● **Records for this task**:
== Segment start ==
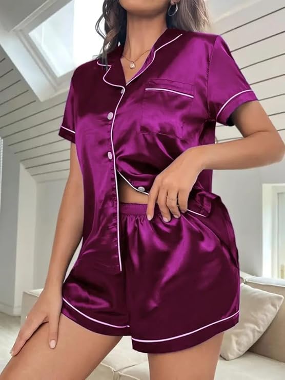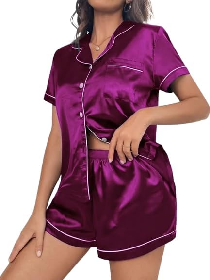 Women’s Satin Plain/Solid Relaxed Night Suit Set of Top Shorts Pajama Set Button-Down Silk Pajamas Floral Sleepwear Bridal Pjs Lounge Pj Sets (l, Purple)
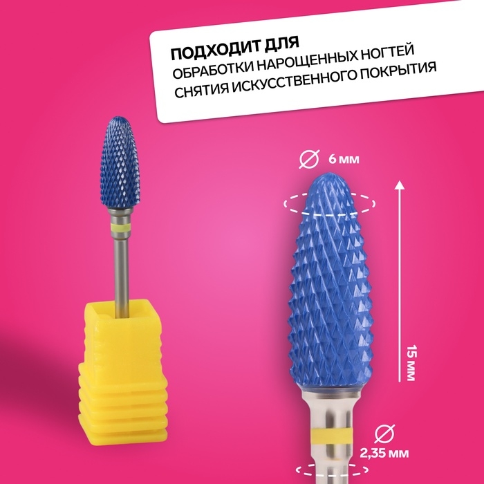Фреза керамическая для маникюра «Кукуруза», супер мелкая нарезка, 6 × 15 мм, в пластиковом футляре, цвет синий
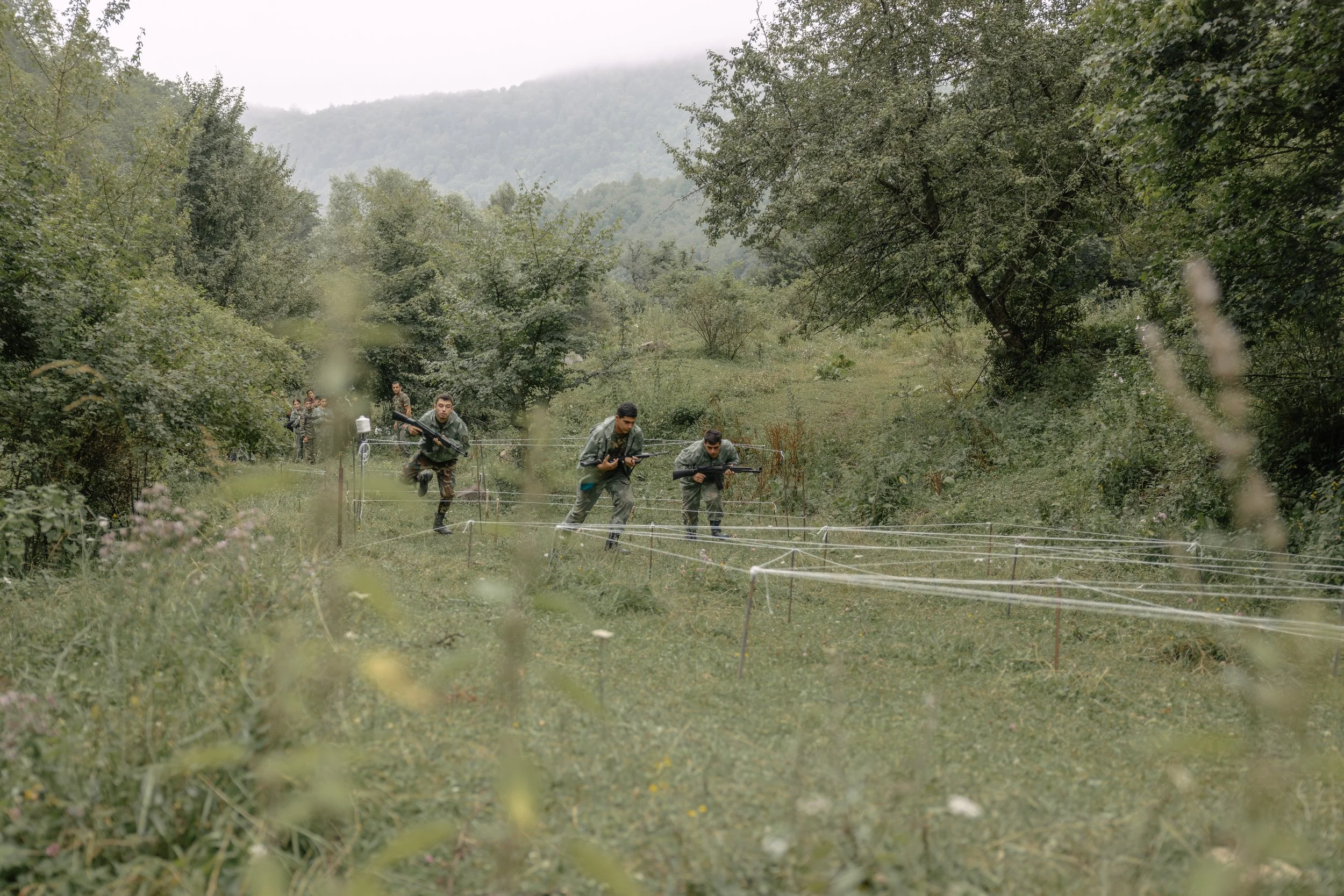 Armenian civilians take part in military defense training in Dilijan, Armenia Tavush Region on 30 July 2023 as part of broader efforts to increase public preparedness amid continuing tensions along the Armenia–Azerbaijan border. These training activities took place against a backdrop of repeated ceasefire violations and cross-border incidents throughout 2023, including small arms fire directed at Armenian positions in nearby provinces.
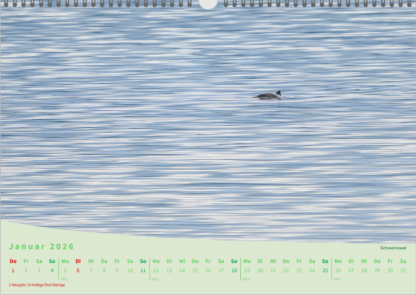 • Motive: 13 Bilder (1 Deckblatt, 12 Monatsblätter)
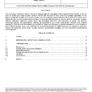 Various measurement methodologies and operability and compatibility issues are described within the TAs. The TAs briefly discuss degrees of sensitivity, accuracy, repeatability, and test operations acceptability for each measurement discipline. They reflect that many important technical advances have been accomplished for measurement techniques of nonvolatile particles. Additional research is required to transition the TAs to Aerospace Recommended Practices.
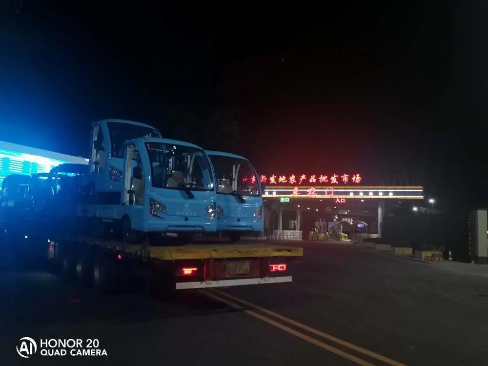 2020年8月15日早7:38,伴隨著瓜果蔬菜的芬芳,久違的新發(fā)地批發(fā)市場(chǎng)正式復(fù)市。隨之正式上崗的還有20輛綠友電動(dòng)貨斗車。
== Segment end ==
● **What you will do**: Using the entries above, write out exactly the lines from the one with "Armenian civilians take" through the one with "Deckblatt, 12 Monatsblätter)", ends included. Leave out any pictures.

● **Answer to this task**:
 Armenian civilians take part in military defense training in Dilijan, Armenia Tavush Region on 30 July 2023 as part of broader efforts to increase public preparedness amid continuing tensions along the Armenia–Azerbaijan border. These training activities took place against a backdrop of repeated ceasefire violations and cross-border incidents throughout 2023, including small arms fire directed at Armenian positions in nearby provinces.
 • Motive: 13 Bilder (1 Deckblatt, 12 Monatsblätter)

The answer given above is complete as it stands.